Internal Medicine (East Africa)
Infections after renal transplant are a common cause of morbidity and are commonly due to Cytomegalovirus (CMV), Cryptococcus, Mycobacterium tuberculosis, and Aspergillus. Concurrent infections with both cryptococcal and tuberculous aetiologies are rare within the central nervous system (CNS). We present a case of a 67-year-old male patient who presented with three weeks of headaches, confusion, unsteady gait, and seizures. He had type 2 diabetes mellitus and hypertension. He had a kidney transplant three years prior and was on three immunosuppressive agents. He was HIV-negative. He was evaluated and found to have cryptococcal meningitis and received appropriate treatment with liposomal amphotericin B, flucytosine, and serial lumbar punctures. He also had treatment for CMV viremia with valganciclovir. Three weeks later, after an initial good clinical response, he deteriorated with worsening confusion and persistent seizures.

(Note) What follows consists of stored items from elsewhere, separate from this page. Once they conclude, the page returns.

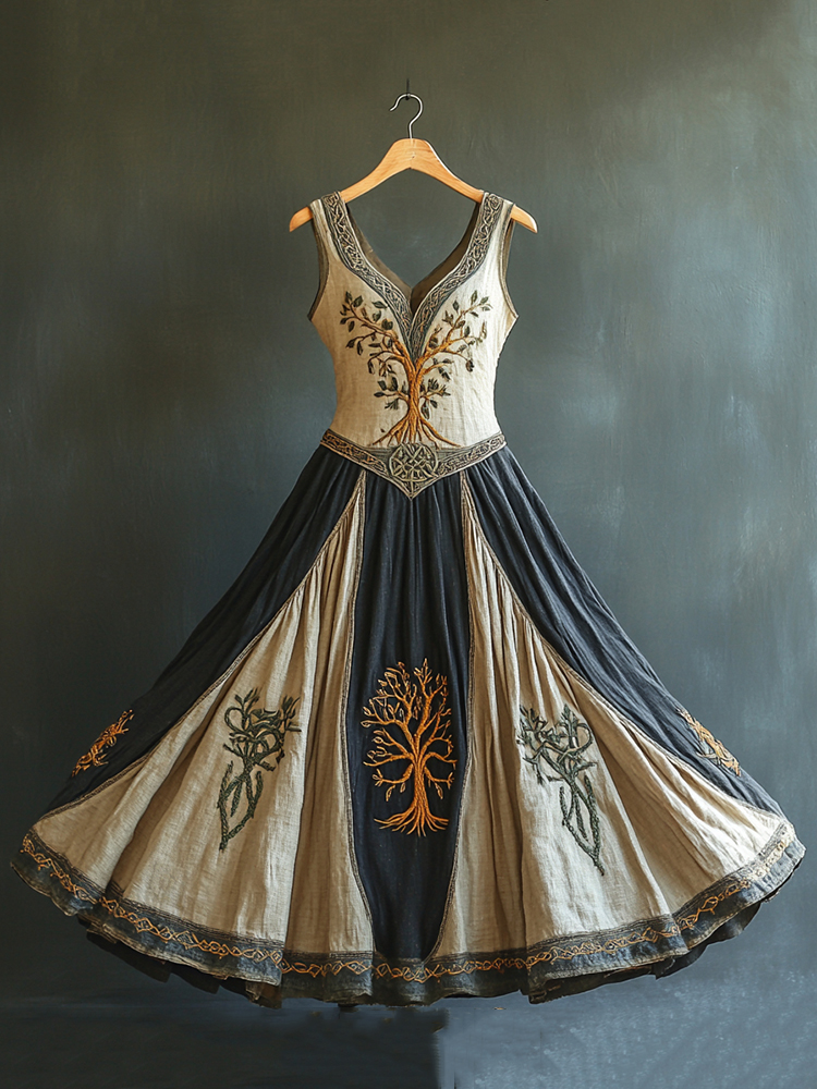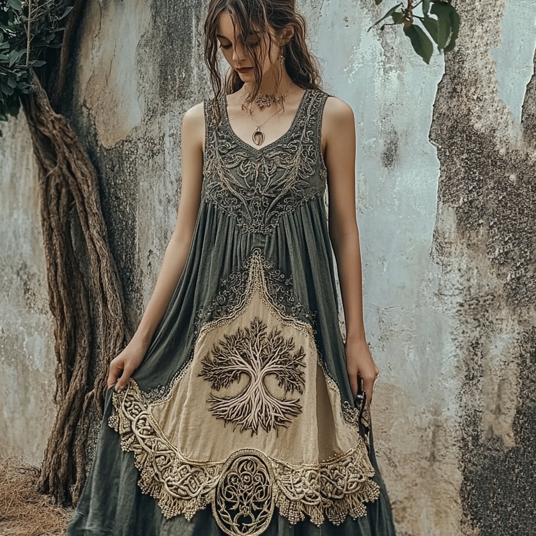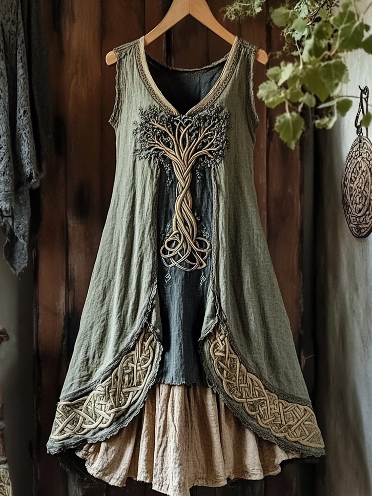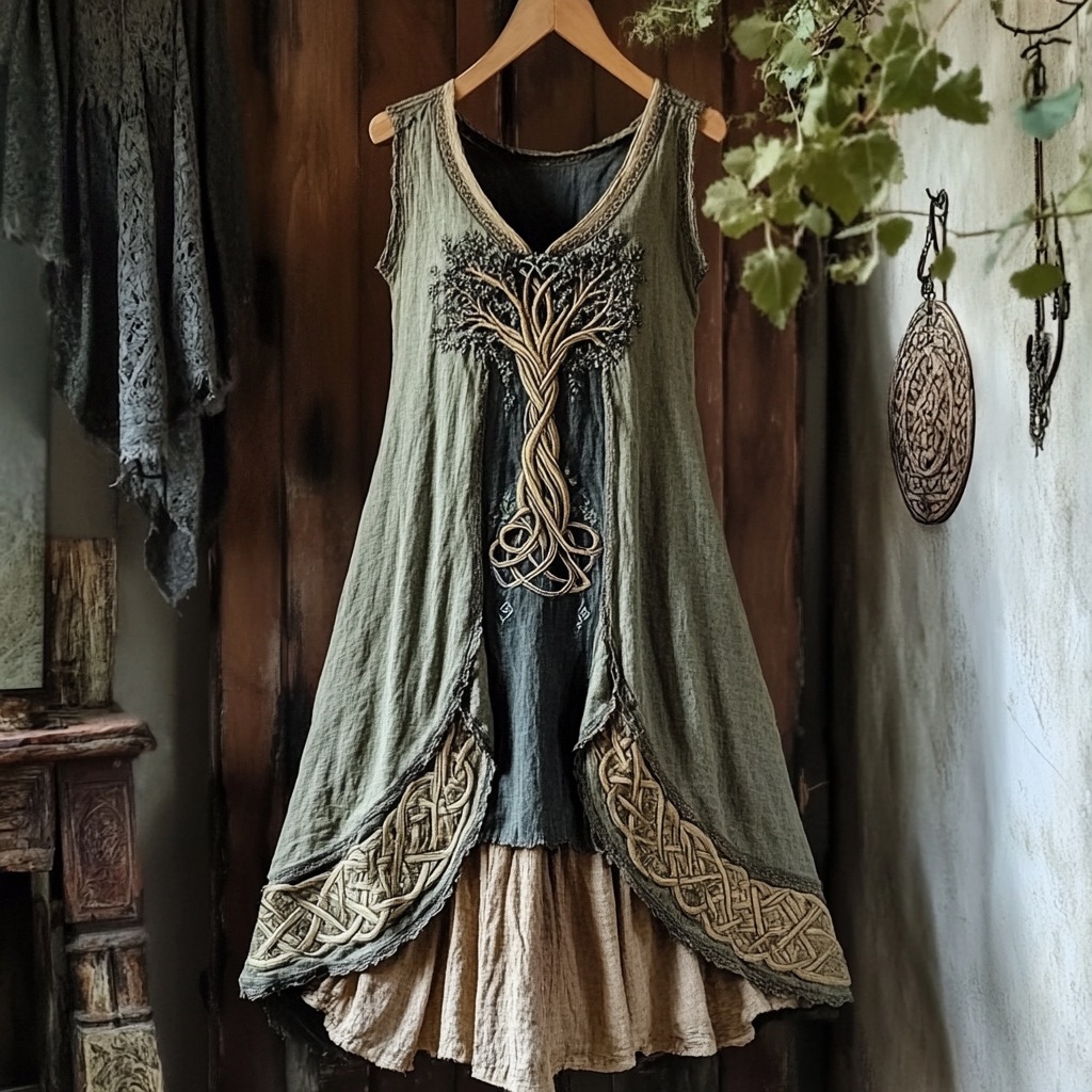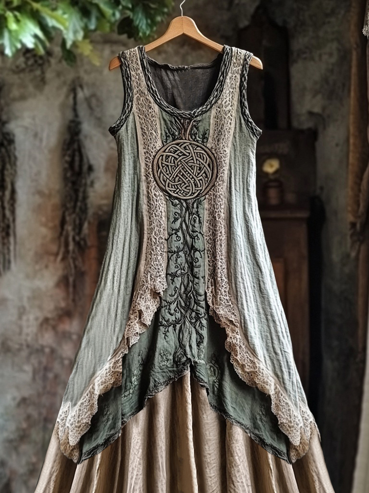Tribal Celtic Knot Plant Embroidery Lace Patchwork Art Linen Tank Dress
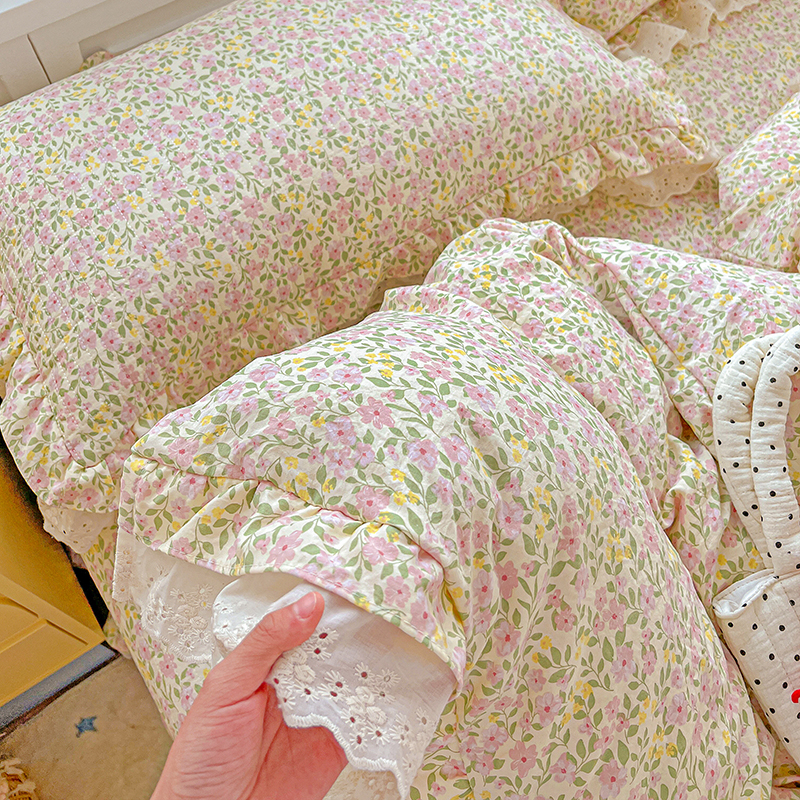 商品名称:梦莱斯 2025新款田园碎花纯棉花边四件套-床盖款 采薇
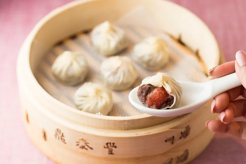 毎年大人気のデザート小籠包。いちごの酸味とあんこの甘味が絶妙にマッチする一品です。
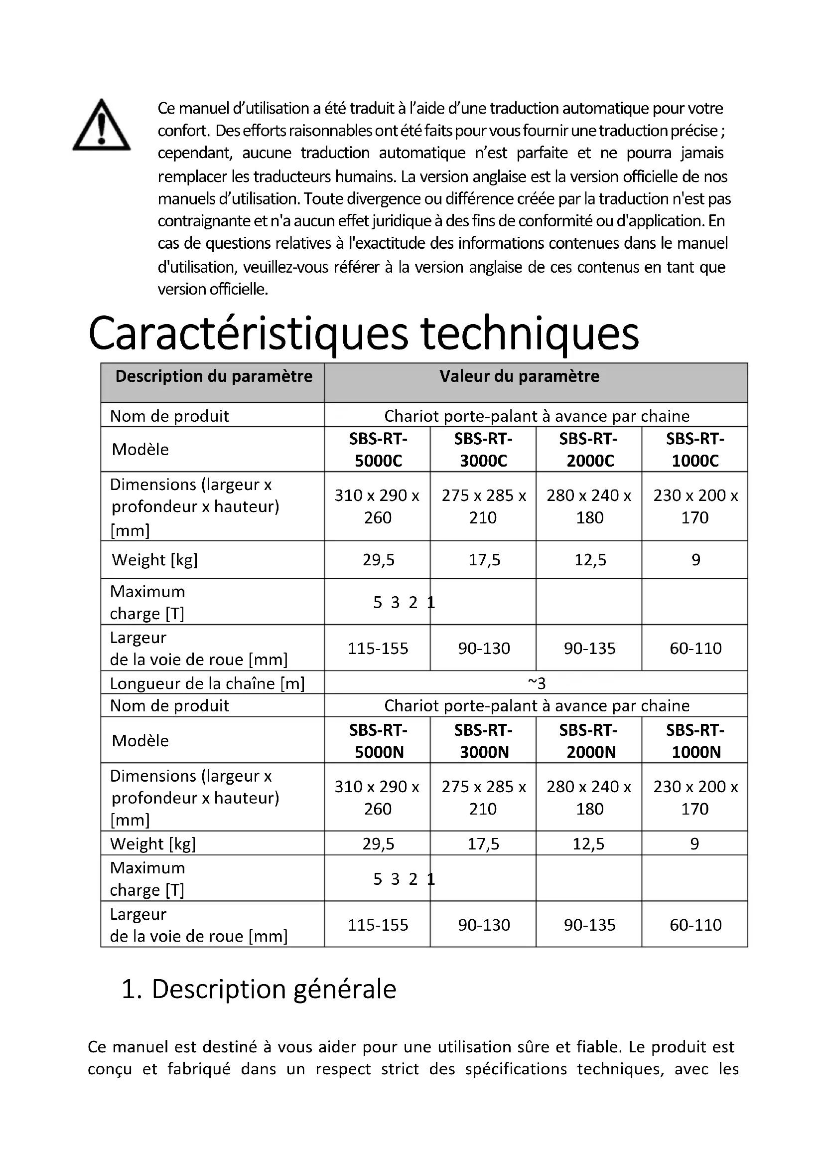 - Vérifiez l'état technique de l'appareil. Faites attention à tout dommage, fissure ou pièce détachée. Seul un appareil entièrement opérationnel peut être utilisé. - Mesurez la largeur du rail sur lequel l'appareil fonctionnera. - Espacer uniformément les plaques latérales, en remplissant les espaces libres sur l'arbre avec des entretoises. La largeur du rail doit être (au maximum) 6 mm plus grande que la largeur du rail sur lequel l'appareil va fonctionner. IMPORTANT : il doit y avoir au moins une entretoise de chaque côté de la plaque. - Serrez fermement les deux écrous hexagonaux. - Assurez-vous que l'unité est bien près du rail, que chaque roue roule librement et maintient un bon contact avec la surface du rail, et que les plaques latérales sont parallèles. - La partie inférieure de la chaîne doit se trouver à une hauteur de 100-500 mm du sol (uniquement pour les modèles avec leur propre entraînement par chaîne : SBS- RT-5000C, SBS-RT-3000C, SBS-RT-2000C, SBS-RT-1000C). NOTE : Avant la première utilisation, après avoir assemblé l'unité, vérifiez son fonctionnement en suspendant une charge légère et en faisant rouler l'unité le long du rail. 3.3. Nettoyage et entretien a) Attendez que les pièces en rotation s'arrêtent. b) Pour nettoyer la surface, n’utilisez que des produits libres de substances caustiques. c) Après chaque nettoyage, séchez tous les composants avant de réutiliser l’appareil. d) Conservez l’appareil dans un endroit sec et frais, à l’abri de l’humidité et des rayons directs du soleil. e) Il est interdit de tremper l’appareil avec un jet d’eau ou de l’immerger dans l’eau. f) Effectuez des inspections régulières de l'unité, en vérifiant son aptitude technique et ses éventuels dommages. g) La surface des roulements et des chenilles (ainsi que la boîte de vitesses sur les SBS-RT-5000C / SBS-RT-3000C / SBS-RT-2000C / SBS-RT-1000C) doit être périodiquement lubrifiée avec de la graisse. h) Veillez à ce que l'appareil reste propre et à ce que ses pièces mobiles soient lubrifiées.Dati tecnici Descrizione del parametro Valore del parametro Nome del prodotto Carrello portaparanco Modello SBS-RT- 5000C SBS-RT- 3000C SBS-RT- 2000C SBS-RT- 1000C Dimensioni (larghezza x profondità x altezza) [ mm] 310 x 290 x
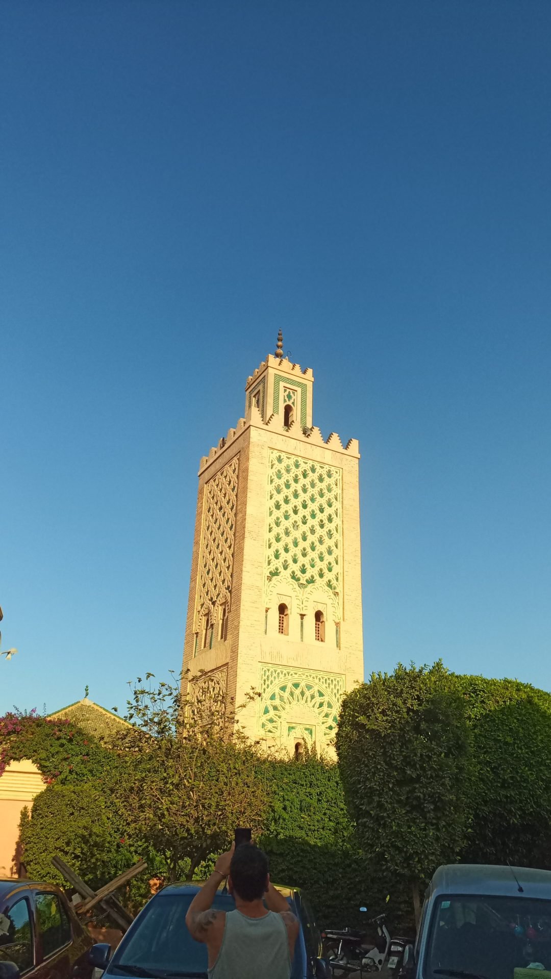 Estuvimos dándole vueltas a la típica postal de Marrakech, la Mezquita Kutubia, rodeada por magníficos rosales, famosa sobre todo por su minarete de base cuadrada, que hizo construir Yacoub el Mansour a fines del siglo XII y que resultó el modelo de referencia para la Giralda de Sevilla, y para la Torre Hasan en Rabat. La torre es el edificio más alto de Marrakech y con sus 77 metros de altura domina la Medina, pudiéndose ver a distancia cuando se llega a la ciudad. Hoy la silueta destaca desnuda de ladrillos, culminada con globos de bronce, pero antiguamente toda la superficie del minarete estaba cubierta de decoraciones de cerámica y estuco, los únicos fragmentos que se han conservado son los frisos de azulejos debajo del almenaje.
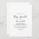 Cette simple invitation minimaliste à l'arrosage de bébé est parfaite pour un baby shower moderne. Le design sobre et élégant présente une typographie de script classique et sophistiquée en noir et blanc.
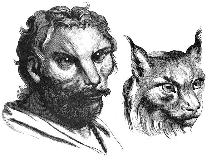 Gelijkenis tusschen mensch en dier door Charles Lebrun.
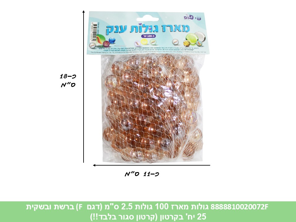 גולות מארז 100 גולות 2.5 ס"מ אדמה (דגם F) ברשת ובשקית (קרטון סגור בלבד!!) (25)
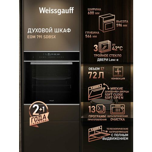Электрический встраиваемый духовой шкаф — крупная бытовая техника для кухни из серии Premium для самых требовательных пользователей. Объем 72 литра позволяет устроить настоящий пир для близких: вы сможете разместить мясо и гарнир одновременно на нескольких уровнях. Выбирайте любой из 13 функциональных режимов для приготовления по-настоящему вкусных блюд. Технология SMART MENU сама подберет необходимую температуру на выбранном вами режиме. Если захочется увеличить градус, вы сможете это сделать. Мягкие доводчики дверцы позволяют защитить вашу электродуховку от повреждений. Каталитическая очистка облегчит уход за встраиваемой электрической духовкой для выпечки. Тройное съемное стекло защитит вас и детей от ожогов при случайных прикосновениях: оно не нагревается до высоких температур, даже если духовая печь уже готовит пищу. Духовой шкаф имеет класс энергопотребления А+, что является свидетельством его высокой эффективности и экономичности. Сочетание продвинутых функций с учетом экологичности и экономии делает его не только удобным, но и ответственным выбором для современной кухни.
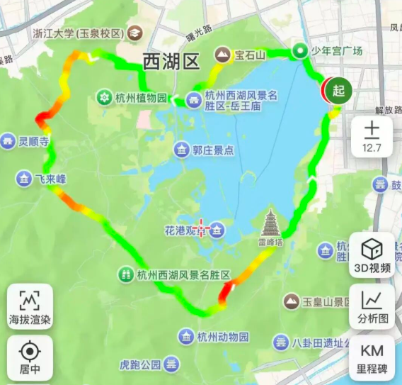 最近天气不错,一条沿着杭州西湖徒步“画出”爱心的路线在网上走红,该线路全程约20公里,累计爬升高度700-780米。

We re-evaluated him and found him to have brain imaging suggestive of tuberculosis. We started him on anti-tuberculous medication, and he improved significantly and was alert and seizure free at discharge home one month later. This case highlights that concurrent CNS infections with cryptococcus and tuberculosis do occur especially in patients who are severely immunosuppressed such as after a renal transplant. Failure to improve while on treatment for one CNS opportunistic infection should prompt one to investigate for other concurrent causes.
(2022). A Case Report of Concurrent Cryptococcal and Tuberculous Meningitis in an Immunosuppressed Renal Transplant Patient. Cureus, 14(11), 1-7.